* WORK TO COMPLETE: Transcribe the entries that follow exactly as they appear, minus pictures.
[DATA Boundary: Start]
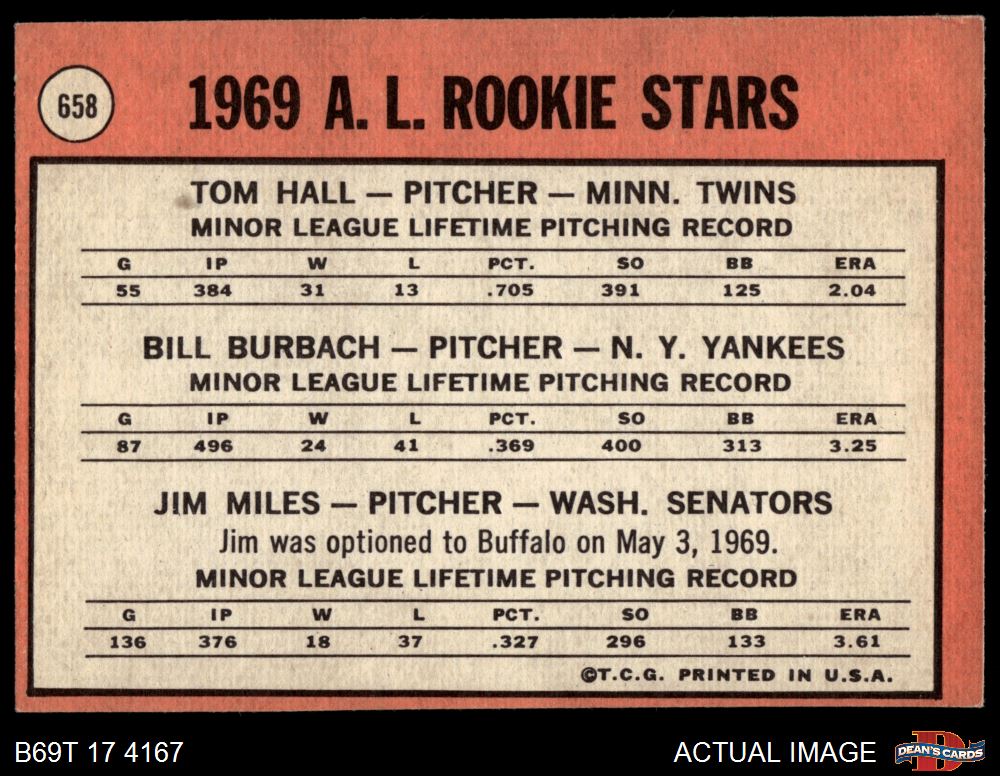 1969 Topps #658 - Bill Burbach / Tom Hall / Jim Miles AL Rookies 4 - VG/EX
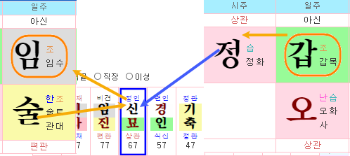 대운의 지지 을목은 동주한 신금으로부터 금극목으로 극을 받는 입장이지만, 지지의 경우는 좀 더 현실적인 부분이 강해, 다소간의 역할이 가능합니다. 만약, 원국에 천간의 신금과 을목을 통관시키는 수오행이 있다면, 완전한 을목의 역할을 수행하게 됩니다.
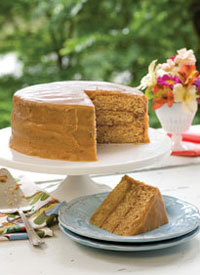 7.Spread Linda’s Cooked Caramel Icing between layers, on top, and around sides of cake, working quickly†. Store at room temperature in an airtight container for up to 1 week.
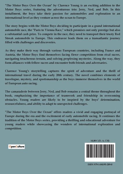 "The Motor Boys Over the Ocean" by Clarence Young is an exciting addition to the Motor Boys series, featuring the adventurous trio: Jerry, Ned, and Bob. In this installment, the boys take their passion for automobiles and exploration to an international level as they venture across the ocean to Europe. The story begins with the Motor Boys deciding to participate in a grand international automobile race, the "Paris to Vienna Race," which promises not only prestige but also a substantial cash prize. To compete in the race, they need to transport their trusty Red Streak automobile to Europe. This endeavor leads them on a transatlantic journey filled with challenges and discoveries. As they make their way through various European countries, including France and Austria, the Motor Boys find themselves facing fierce competition from rival racers, navigating treacherous terrain, and solving perplexing mysteries. Along the way, they form alliances with fellow racers and encounter both friends and adversaries. Clarence Young's storytelling captures the spirit of adventure and the thrill of international travel during the early 20th century. The novel combines elements of travelogue, mystery, and sportsmanship as the boys immerse themselves in the world of European auto racing. The camaraderie between Jerry, Ned, and Bob remains a central theme throughout the book, emphasizing the importance of teamwork and friendship in overcoming obstacles. Young readers are likely to be inspired by the boys' determination, resourcefulness, and ability to adapt to unexpected challenges. "The Motor Boys Over the Ocean" offers readers a vivid and engaging portrayal of Europe during the era and the excitement of early automobile racing. It continues the tradition of the Motor Boys series, providing a thrilling and educational adventure for young readers while showcasing the wonders of international exploration and competition.
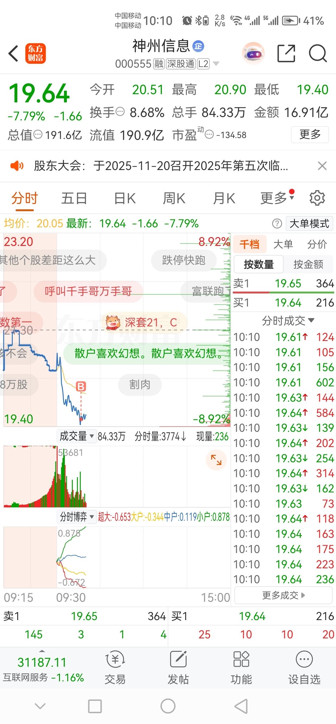 $神州信息(SZ000555)$ 下班了,不看了。接盘侠
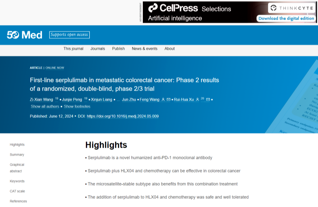 ASTRUM-015研究是尊龙网址登录官网自主研发的抗PD-1单抗H药 汉斯状®(斯鲁利单抗)联合贝伐珠单抗和化疗一线治疗mCRC的II/III期临床研究,其II期阶段研究结果首次发布于2024年美国临床肿瘤学会胃肠道肿瘤研讨会(ASCO GI),其后该研究数据更新亦入选2024年美国临床肿瘤学会(ASCO)壁报展示。此次正式发表于MED,再次体现了国际学术界对H药的高度认可。基于ASTRUM-015的II期阶段研究结果,近期该研究已启动III期临床阶段研究并完成首例受试者给药。
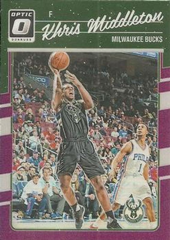 The Khris Middleton 2016 Optic #7 Purple card is 1 of 14 Khris Middleton's card variations in the 2016 Optic set being tracked by Sports Card Investor, including Base, Checkerboard, Holo, Orange /199, and Red /99.
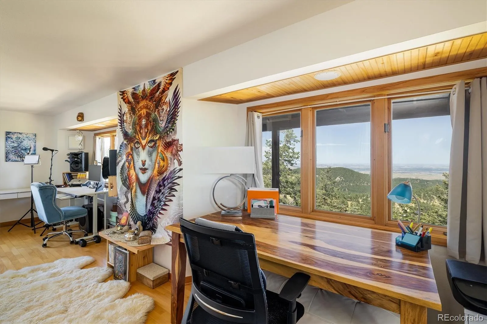 $20,000 Seller-provided credit offered to buyer for closing costs and pre-paids! COLORADO DREAMING: Enjoy a majestic 180 degree view of sunrise, moonrise, and sparkly city lights, with uninterrupted scenery stretching across the mountains, plains and Boulder Reservoir – often accompanied by hummingbirds, deer, and foxes. This retreat-style home is only 10 minutes to Broadway in the sought-after Boulder Heights community and offers a breathtaking vantage point designed to maximize light and flow, blending comfortable everyday living with thoughtful updates throughout. The main level invites you in with dramatic vaulted ceilings, walls of windows, and skylights that flood the space with sunshine. A dual-sided fireplace warms both the living and dining areas, while radiant-heated tile floors add comfort. The kitchen combines modern style and function with a generous island, wood cabinetry, stainless appliances, and a pantry. From here, step out to the expansive deck to grill, gather with friends, or simply take in the scenery. Upstairs, the primary suite serves as a true retreat with vaulted ceilings, skylights, and a private balcony to frame the views, while the spa-like bath has been fully reimagined with a soaking tub, oversized shower, and custom dual vanity. Two additional vaulted bedrooms share a full bath, providing plenty of space for family or guests. The lower level adds flexibility for a media room, home office, gym, or creative studio, complete with radiant-heated wood flooring. Practical amenities include an oversized two-car garage with storage, extra driveway parking, backup generator, county-maintained road access and BVSD bus service. Enjoy both peace of mind and the quintessential mountain lifestyle-just minutes from downtown Boulder. All offers considered.
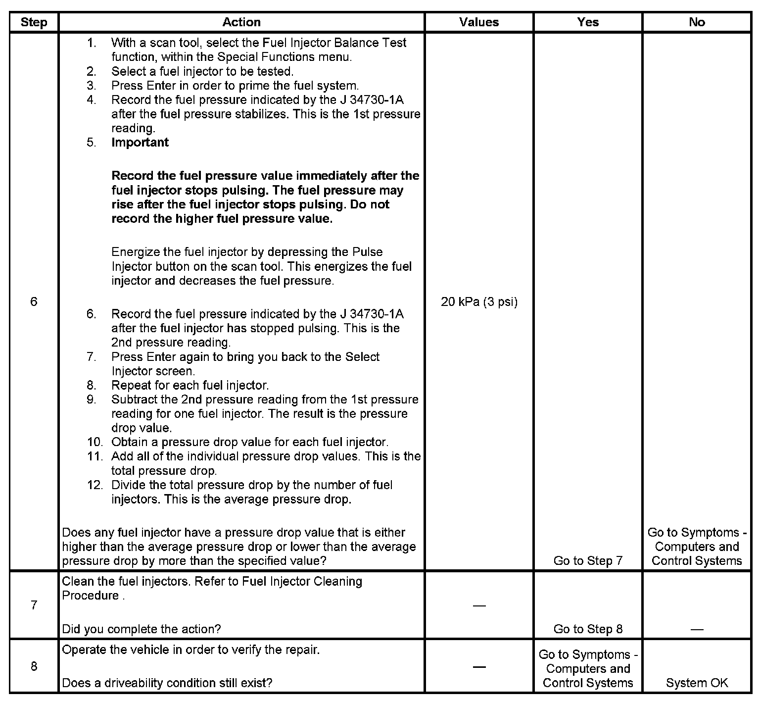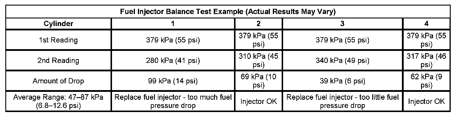 Fuel Injector Balance Test Example (Actual Results May Vary):
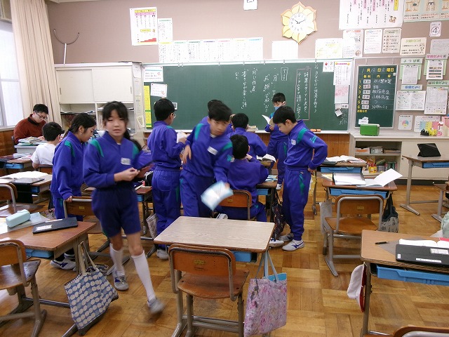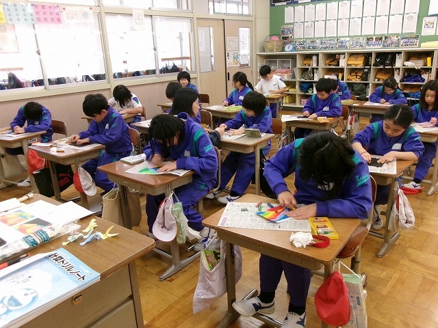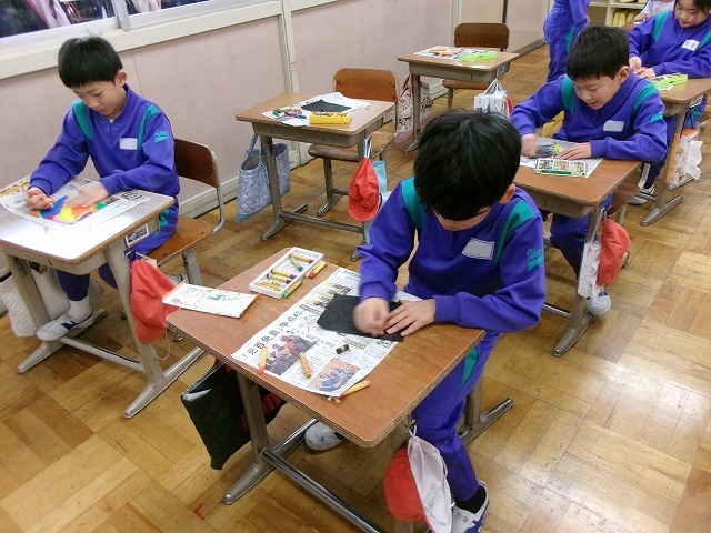 6年生:毎年恒例の「安全ボーイ・ガール」の作成にとりかかりました。
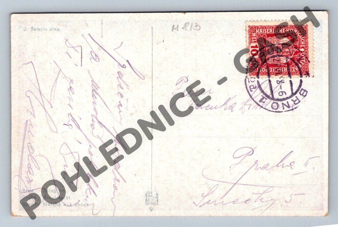 Zadní strana je s ručně psaným textem, doplněná o známku Rakousko-Uherska s razítkem Brno, což dokládá stáří a využití pohlednice v poštovním provozu. Pohlednice nese označení Brno – Zelný trh / Krautmarkt / Marché aux choux a je signována J. Šetelík – pinx.. Tato pohlednice je krásným dokladem historie města Brna a vhodná do sbírky milovníků starých pohlednic a regionální historie.
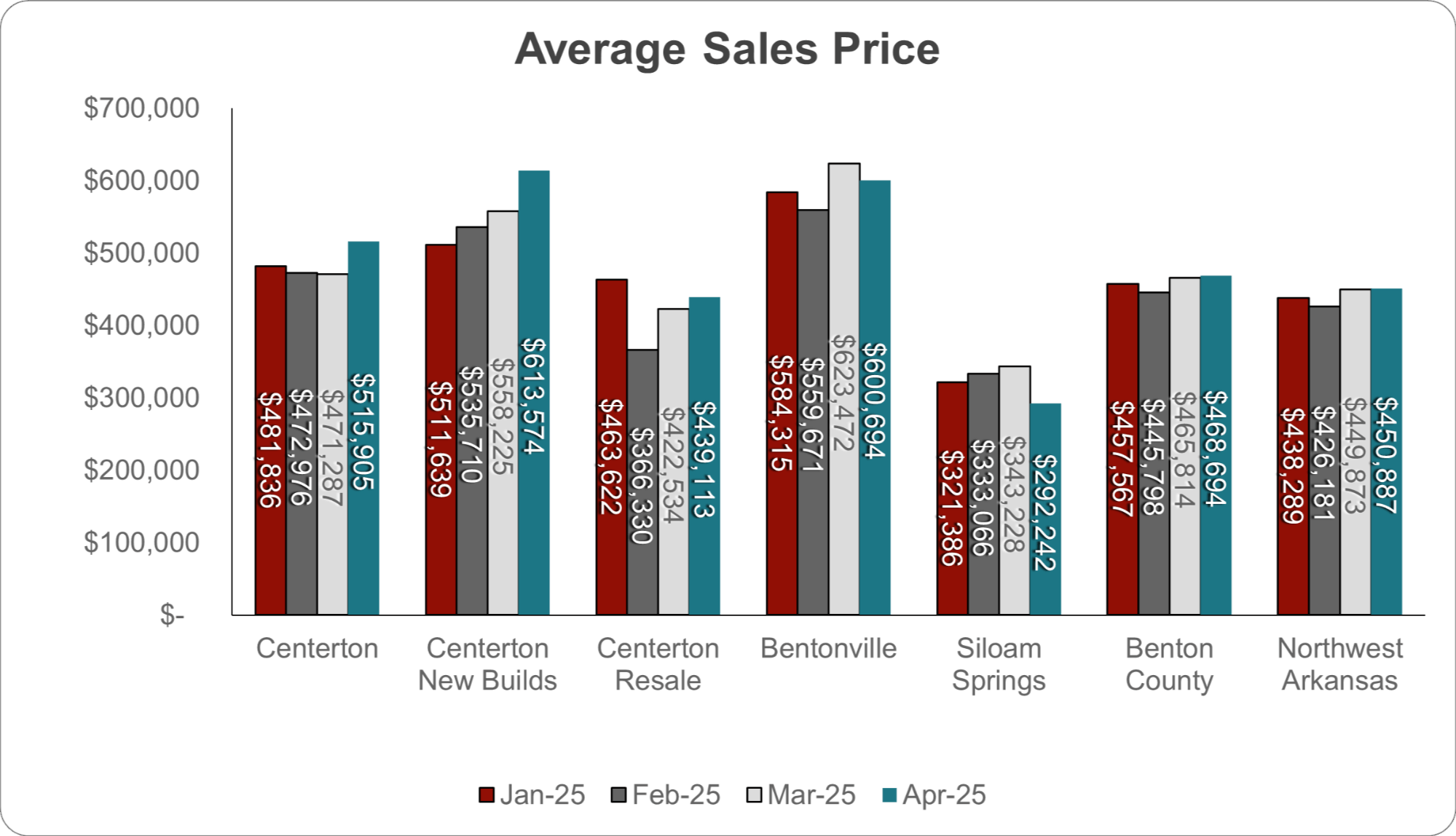 Centerton posted one of the strongest month-over-month price increases in the region for April, with average sales prices jumping over $44,000. This sharp rise indicates growing demand, particularly for larger or more upgraded homes, and underscores Centerton’s continued popularity with both local and relocating buyers. While other cities like Bentonville and Siloam Springs saw mixed or declining trends, Centerton’s pricing trajectory points to healthy buyer activity and strong perceived value.
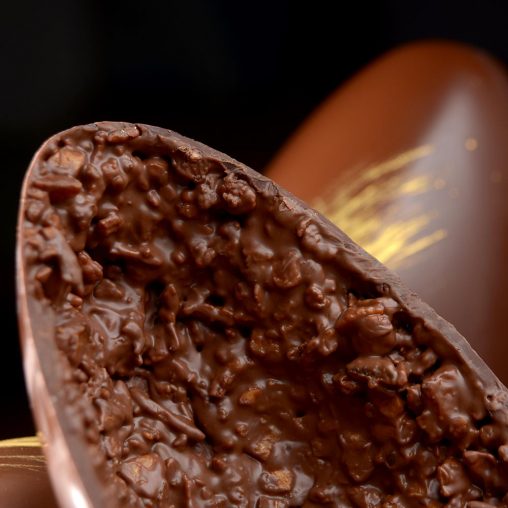 9. Enquanto isso, derreta e tempere o Unique 35%. Misture-o ao crocante já frio e distribua-o dentro das cavidades dos moldes.
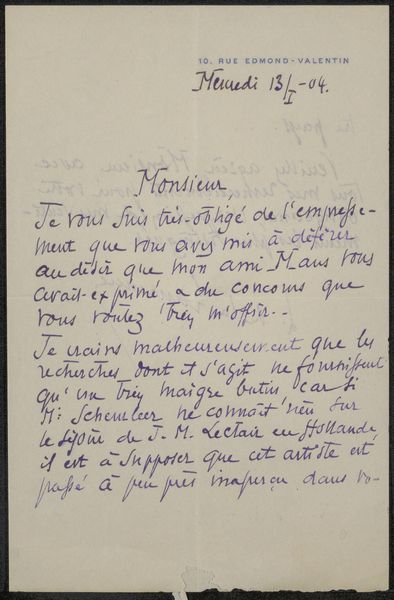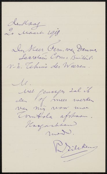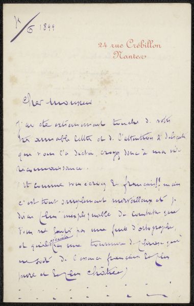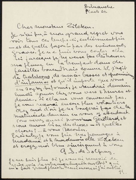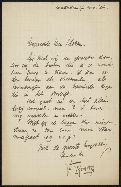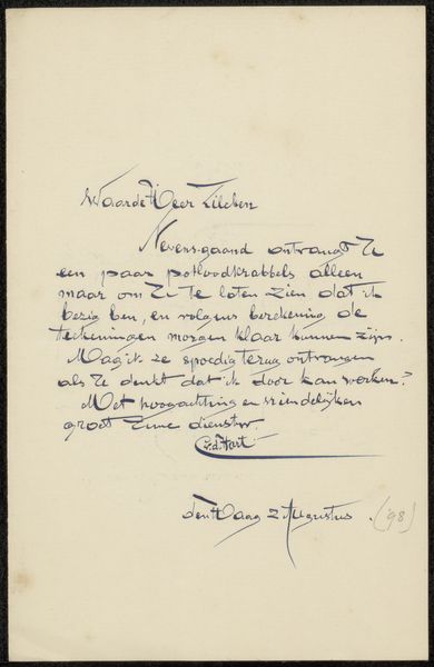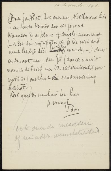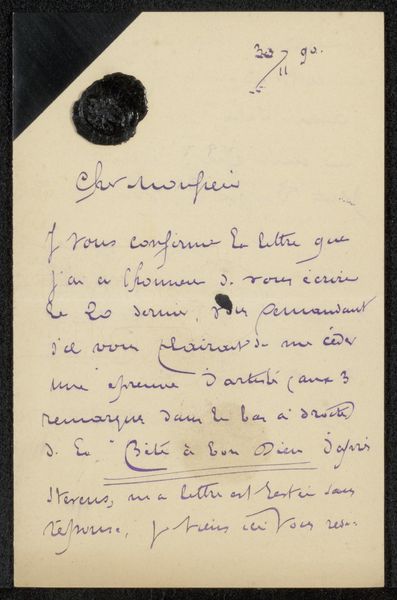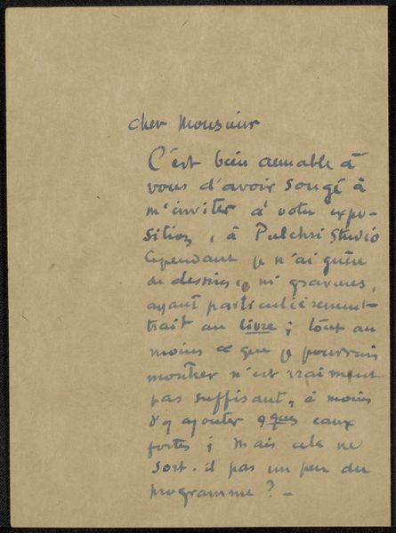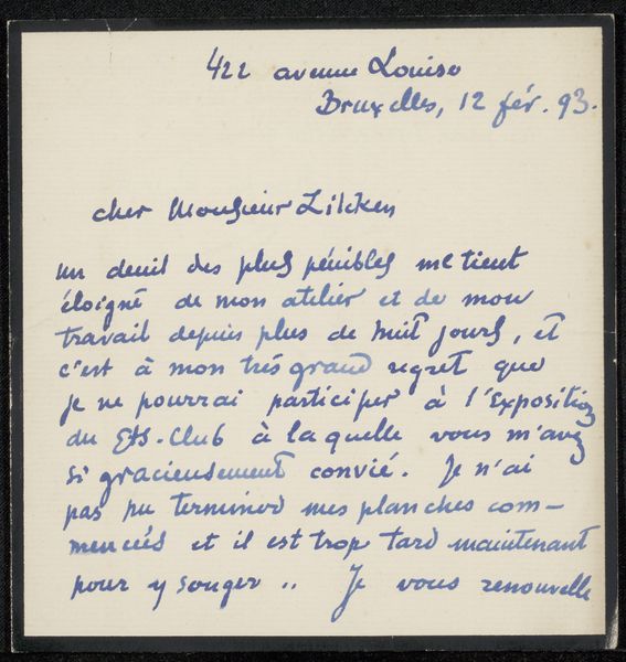 Editor: Here we have “Brief aan Philip Zilcken,” believed to be from 1892, by Gustave Bourcard. It’s a drawing in ink on paper, essentially a handwritten letter. My first impression is its intimacy, the personal touch in the flowing script. It feels like eavesdropping on a private conversation. What strikes you most about this piece? Curator: Ah, eavesdropping! That’s exactly it. This isn't just a letter; it's a captured moment. Look at the rhythm of the handwriting, almost a dance across the page. Bourcard’s choice to use ink transforms it. What appears utilitarian shifts into something beautiful, and somehow quite romantic. It’s like he's imbuing the everyday with artistry, finding the sublime in a simple note. Do you feel the modernist sensibility pushing through too, even in its romance? Editor: I do, especially in the starkness of the ink against the paper, and how the letter nearly fills the frame. So it’s not just a simple message, but a statement about art in everyday life. Curator: Precisely! It begs us to question the boundaries. Think about it, is the message itself secondary to the medium, the gesture of writing? It reminds me of those little mundane miracles, like the glint of light on a dirty windowpane. Bourcard seems to be whispering: look closer, beauty is everywhere, even in correspondence. Makes you want to write a letter, doesn't it? Editor: Absolutely! I never thought a letter could be so much more. Seeing the artistry transforms my understanding. It really is about looking closer. Thanks! Curator: My pleasure! Now, off you go, find your own hidden masterpieces, they are always in unexpected places.
[DATA Boundary: End]
* WRITTEN ANSWER:
 1969 Topps #658 - Bill Burbach / Tom Hall / Jim Miles AL Rookies 4 - VG/EX
 대운의 지지 을목은 동주한 신금으로부터 금극목으로 극을 받는 입장이지만, 지지의 경우는 좀 더 현실적인 부분이 강해, 다소간의 역할이 가능합니다. 만약, 원국에 천간의 신금과 을목을 통관시키는 수오행이 있다면, 완전한 을목의 역할을 수행하게 됩니다.
 7.Spread Linda’s Cooked Caramel Icing between layers, on top, and around sides of cake, working quickly†. Store at room temperature in an airtight container for up to 1 week.
 "The Motor Boys Over the Ocean" by Clarence Young is an exciting addition to the Motor Boys series, featuring the adventurous trio: Jerry, Ned, and Bob. In this installment, the boys take their passion for automobiles and exploration to an international level as they venture across the ocean to Europe. The story begins with the Motor Boys deciding to participate in a grand international automobile race, the "Paris to Vienna Race," which promises not only prestige but also a substantial cash prize. To compete in the race, they need to transport their trusty Red Streak automobile to Europe. This endeavor leads them on a transatlantic journey filled with challenges and discoveries. As they make their way through various European countries, including France and Austria, the Motor Boys find themselves facing fierce competition from rival racers, navigating treacherous terrain, and solving perplexing mysteries. Along the way, they form alliances with fellow racers and encounter both friends and adversaries. Clarence Young's storytelling captures the spirit of adventure and the thrill of international travel during the early 20th century. The novel combines elements of travelogue, mystery, and sportsmanship as the boys immerse themselves in the world of European auto racing. The camaraderie between Jerry, Ned, and Bob remains a central theme throughout the book, emphasizing the importance of teamwork and friendship in overcoming obstacles. Young readers are likely to be inspired by the boys' determination, resourcefulness, and ability to adapt to unexpected challenges. "The Motor Boys Over the Ocean" offers readers a vivid and engaging portrayal of Europe during the era and the excitement of early automobile racing. It continues the tradition of the Motor Boys series, providing a thrilling and educational adventure for young readers while showcasing the wonders of international exploration and competition.
 $神州信息(SZ000555)$ 下班了,不看了。接盘侠
 ASTRUM-015研究是尊龙网址登录官网自主研发的抗PD-1单抗H药 汉斯状®(斯鲁利单抗)联合贝伐珠单抗和化疗一线治疗mCRC的II/III期临床研究,其II期阶段研究结果首次发布于2024年美国临床肿瘤学会胃肠道肿瘤研讨会(ASCO GI),其后该研究数据更新亦入选2024年美国临床肿瘤学会(ASCO)壁报展示。此次正式发表于MED,再次体现了国际学术界对H药的高度认可。基于ASTRUM-015的II期阶段研究结果,近期该研究已启动III期临床阶段研究并完成首例受试者给药。
 The Khris Middleton 2016 Optic #7 Purple card is 1 of 14 Khris Middleton's card variations in the 2016 Optic set being tracked by Sports Card Investor, including Base, Checkerboard, Holo, Orange /199, and Red /99.
 $20,000 Seller-provided credit offered to buyer for closing costs and pre-paids! COLORADO DREAMING: Enjoy a majestic 180 degree view of sunrise, moonrise, and sparkly city lights, with uninterrupted scenery stretching across the mountains, plains and Boulder Reservoir – often accompanied by hummingbirds, deer, and foxes. This retreat-style home is only 10 minutes to Broadway in the sought-after Boulder Heights community and offers a breathtaking vantage point designed to maximize light and flow, blending comfortable everyday living with thoughtful updates throughout. The main level invites you in with dramatic vaulted ceilings, walls of windows, and skylights that flood the space with sunshine. A dual-sided fireplace warms both the living and dining areas, while radiant-heated tile floors add comfort. The kitchen combines modern style and function with a generous island, wood cabinetry, stainless appliances, and a pantry. From here, step out to the expansive deck to grill, gather with friends, or simply take in the scenery. Upstairs, the primary suite serves as a true retreat with vaulted ceilings, skylights, and a private balcony to frame the views, while the spa-like bath has been fully reimagined with a soaking tub, oversized shower, and custom dual vanity. Two additional vaulted bedrooms share a full bath, providing plenty of space for family or guests. The lower level adds flexibility for a media room, home office, gym, or creative studio, complete with radiant-heated wood flooring. Practical amenities include an oversized two-car garage with storage, extra driveway parking, backup generator, county-maintained road access and BVSD bus service. Enjoy both peace of mind and the quintessential mountain lifestyle-just minutes from downtown Boulder. All offers considered.
 Fuel Injector Balance Test Example (Actual Results May Vary):
 6年生:毎年恒例の「安全ボーイ・ガール」の作成にとりかかりました。
 Zadní strana je s ručně psaným textem, doplněná o známku Rakousko-Uherska s razítkem Brno, což dokládá stáří a využití pohlednice v poštovním provozu. Pohlednice nese označení Brno – Zelný trh / Krautmarkt / Marché aux choux a je signována J. Šetelík – pinx.. Tato pohlednice je krásným dokladem historie města Brna a vhodná do sbírky milovníků starých pohlednic a regionální historie.
 Centerton posted one of the strongest month-over-month price increases in the region for April, with average sales prices jumping over $44,000. This sharp rise indicates growing demand, particularly for larger or more upgraded homes, and underscores Centerton’s continued popularity with both local and relocating buyers. While other cities like Bentonville and Siloam Springs saw mixed or declining trends, Centerton’s pricing trajectory points to healthy buyer activity and strong perceived value.
 9. Enquanto isso, derreta e tempere o Unique 35%. Misture-o ao crocante já frio e distribua-o dentro das cavidades dos moldes.
 Editor: Here we have “Brief aan Philip Zilcken,” believed to be from 1892, by Gustave Bourcard. It’s a drawing in ink on paper, essentially a handwritten letter. My first impression is its intimacy, the personal touch in the flowing script. It feels like eavesdropping on a private conversation. What strikes you most about this piece? Curator: Ah, eavesdropping! That’s exactly it. This isn't just a letter; it's a captured moment. Look at the rhythm of the handwriting, almost a dance across the page. Bourcard’s choice to use ink transforms it. What appears utilitarian shifts into something beautiful, and somehow quite romantic. It’s like he's imbuing the everyday with artistry, finding the sublime in a simple note. Do you feel the modernist sensibility pushing through too, even in its romance? Editor: I do, especially in the starkness of the ink against the paper, and how the letter nearly fills the frame. So it’s not just a simple message, but a statement about art in everyday life. Curator: Precisely! It begs us to question the boundaries. Think about it, is the message itself secondary to the medium, the gesture of writing? It reminds me of those little mundane miracles, like the glint of light on a dirty windowpane. Bourcard seems to be whispering: look closer, beauty is everywhere, even in correspondence. Makes you want to write a letter, doesn't it? Editor: Absolutely! I never thought a letter could be so much more. Seeing the artistry transforms my understanding. It really is about looking closer. Thanks! Curator: My pleasure! Now, off you go, find your own hidden masterpieces, they are always in unexpected places.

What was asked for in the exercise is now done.